We know the momentum of an electron, which is: 1,48*10^-21.

Also, remember that numbers are useless without appropriate units.

 

[Karagoz]

p = mv/√(1 - v^2/c^2)

p = mv/√(1 - v^2/c^2)

divide by m, and multiply by √(1 - v^2/c^2)

v = p/m * √(1 - v^2/c^2)

^2 both sides

v^2 = p^2/m^2 * (1 - v^2/c^2) = p^2/m^2 - (p^2*v^2)/(c^2*m^2)

making some changes on the right side so both have same divsor:

v^2 = (p^2*c^2)/(m^2*c^2) - (p^2*v^2)/(m^2*c^2)

This was where I left:

v^2 = (p^2*c^2)/(m^2*c^2) - (p^2*v^2)/(m^2*c^2)

Add + (p^2*v^2)/(m^2*c^2) on both sides.

v^2 + (p^2*v^2)/(m^2*c^2) = (p^2*c^2)/(m^2*c^2)

Get a common divisor on left side.

(v^2*m^2*c^2)/(m^2*c^2) + (p^2*v^2)/(m^2*c^2)

Simplify the left side

v^2(m^2*c^2 + p^2) / (m^2*c^2) = (p^2*c^2) / (m^2*c^2)
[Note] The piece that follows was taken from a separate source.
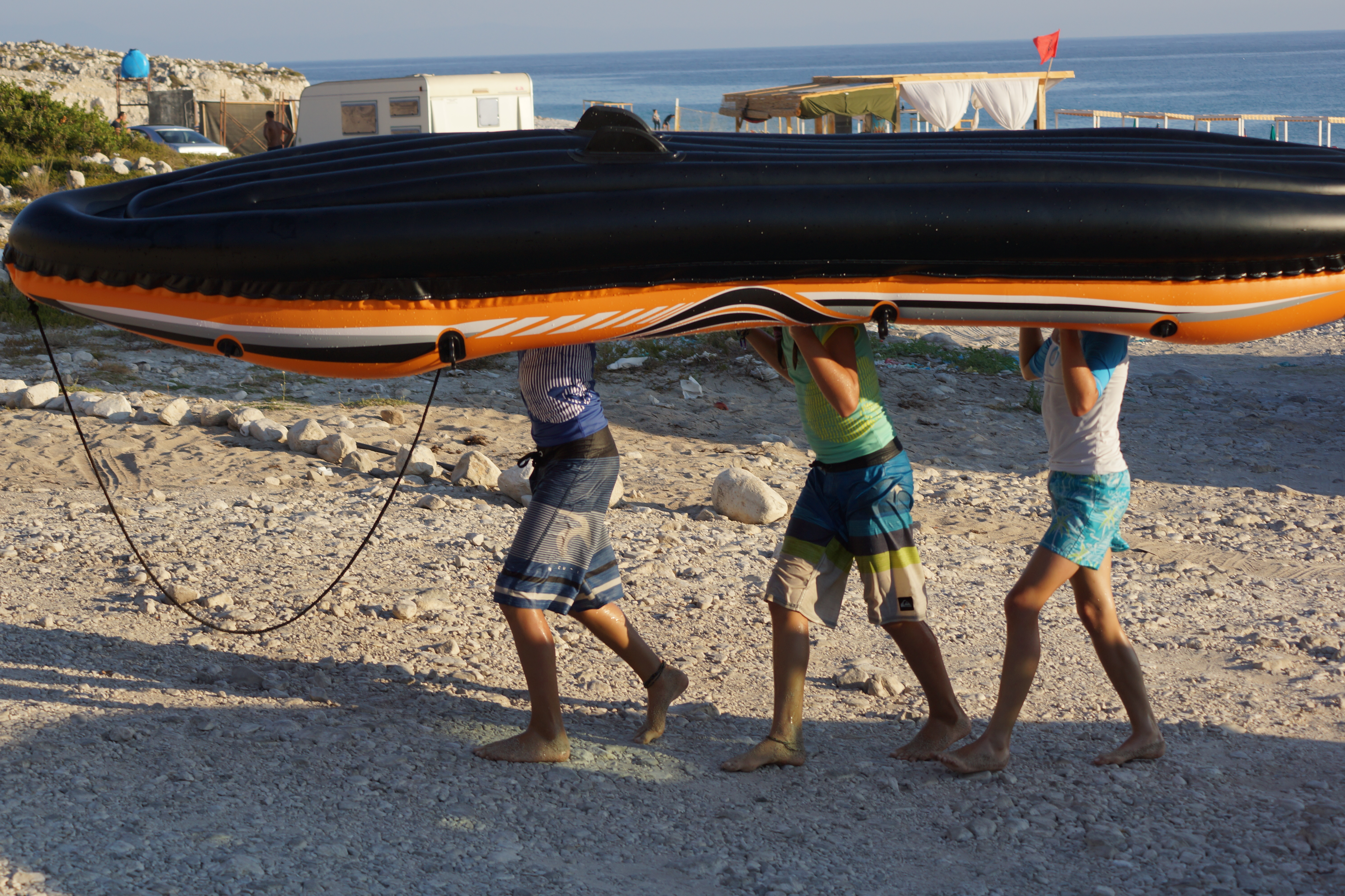 6 Monate lang, jedes Wochenende und viele Abende haben wir am Ausbau unserer Maggy gearbeitet. Nach 2 Testwochenenden und noch einigen Verbesserungsarbeiten geht es endlich los. Die erste Reise soll nach Albanien gehen, das gelobte Land aller Allradfahrer und Abenteuerlustigen, die auf freies Campen und ursprüngliche Natur stehen. Wir sind gespannt wie wir diese „andere Art zu Reisen“ aufnehmen. Nach 22 Jahren Surfurlauben und der Suche nach der perfekten Welle haben wir gar kein Ziel vor Augen, ja wir sind eher skeptisch. Was machen wir überhaupt in den Balkanstaaten? Wir verstehen die Sprache nicht, kennen weder die Gewohnheiten noch die Mentalität. Vorsichtshalber nehmen wir ein Bilder-Sprachbuch, die Angeln und 2 aufblasbare Kanus mit, ein Fernglas, Land- und Offroadkarten, Bergschuhe, Kletterzeug, ein paar Lebensmittel und Badesachen.

Multiply both sides by: (m^2*c^2)

v^2(m^2*c^2 + p^2) = (p^2*c^2)

divide by (m^2*c^2 + p^2)

v^2 = (p^2*c^2)/(m^2*c^2 + p^2)

SQROOT both sides:

v = (p*c) / √(m^2*c^2 + p^2)

v = (p*c) / √(p^2 + m^2*c^2)Do you know a more simplified way?

 

[Chandra Prayaga]

p/m = v / √(1 - v² / c²)
p² / m² = v² / (1 - v² / c²) = 1 / (1/v² - 1/c²)
(1/v² - 1/c²) = m² / p²
1/v² = (m² / p²) + (1/c²))
That separates the v to the left. Now take the lcm on the right hand side, invert, and take the square root.